The analysis revealed that cold stabilizes a specific region of the TRPM8 channel, which triggers a key helix to move. This enables a separate lipid molecule to slide into that spot, locking the channel open and sustaining the cold signal.

When the researchers compared human TRPM8 with the bird version of the protein, which responds to menthol but is far less cold-sensitive, they were able to detect which features are specifically responsible for detecting cold.

A lesson for structural biology

The new work paves the way for determining the structure of other dynamic proteins that have typically been hard to image.

"The lessons we learned in studying this channel are actually very broadly useful," Cheng said. "Dynamic behavior is critical for the function of many proteins, and you can't understand dynamic behavior from one snapshot of a protein's structure."

Julius and Cheng are now applying the same strategy to get a better understanding of TRPV1, the heat-sensing channel that Julius discovered in 1997. They also plan to examine how compounds that block TRPM8 - several of which are in clinical trials for pain - affect the structure of the protein.
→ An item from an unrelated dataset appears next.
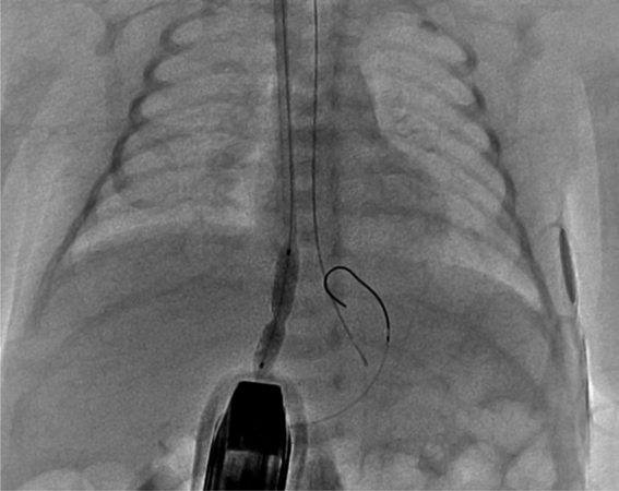 当院搬入時は気管挿管下で心拍数140回/分,血圧59/31 mmHg,呼吸数52回/分,SpO2 95%(O2 4 L/min)であり,入院時に呼吸状態安定を確認して抜管し,その後は経鼻的持続陽圧呼吸療法(FiO2 0.3)にてSpO2 93~95%で経過した.その後も陥没呼吸,多呼吸,低酸素血症SpO2 93~95%(FiO2 0.3)が継続するため,日齢6に初めて小児循環器科医による心臓超音波検査でTAPVR(下心臓型Darling分類III型)と診断した.造影CT検査では,左房後方に左右肺静脈から還流する共通腔を形成して垂直静脈が下降して門脈に接合していた.超音波検査での静脈管の狭窄はあり,肺静脈血は門脈から肝類洞を通過して肝静脈から下大静脈,右心房に流入していた.心臓超音波検査では心室中隔が右心室側に圧排され,肺高血圧症が疑われた.静脈管の狭窄に伴い,肺静脈共通腔の血流の大部分が静脈管を通過するよりも高い血管抵抗である門脈へ流れていくと考えられた.そのため肺高血圧症を来たしていると判断し,早急な静脈管ステント術が必要と判断した.同日深夜に緊急で経皮的静脈管ステント留置術を行った.全身麻酔下に内頸静脈からアプローチしてガイドワイアを上大静脈,右房,下大静脈,静脈管へと逆行性に進めガイドが静脈管内を通過したことを超音波で確認した.静脈管は高度狭窄のためカテーテルが入ると造影では完全閉塞している状態であり,門脈の直径4.0 mmを静脈管のステント径の目標とした.また長径は門脈流入から下大静脈までを測定して12.3 mmと測定し,Ultimaster Nagomi™ステント(TERUMO社)径4.0 mm,長さ18 mmを留置した(Fig. 2).留置後は超音波でステント内を通過する十分な血流を確認することができた.

Ultimately, that could lead to more targeted treatments for conditions like cold allodynia, in which even mild cold triggers severe pain.

Funding: This work was supported by grants from the NIH (R35NS105038 and R35GM140847). Instruments at the UCSF Cryo-EM facility are partially supported by grants from the NIH (S10OD020054, S10OD021741 and S10OD026881) and Howard Hughes Medical Institute.

Disclosures: Cheng serves on the scientific advisory boards for ShuiMu BioSciences and Pamplona Therapeutic Co.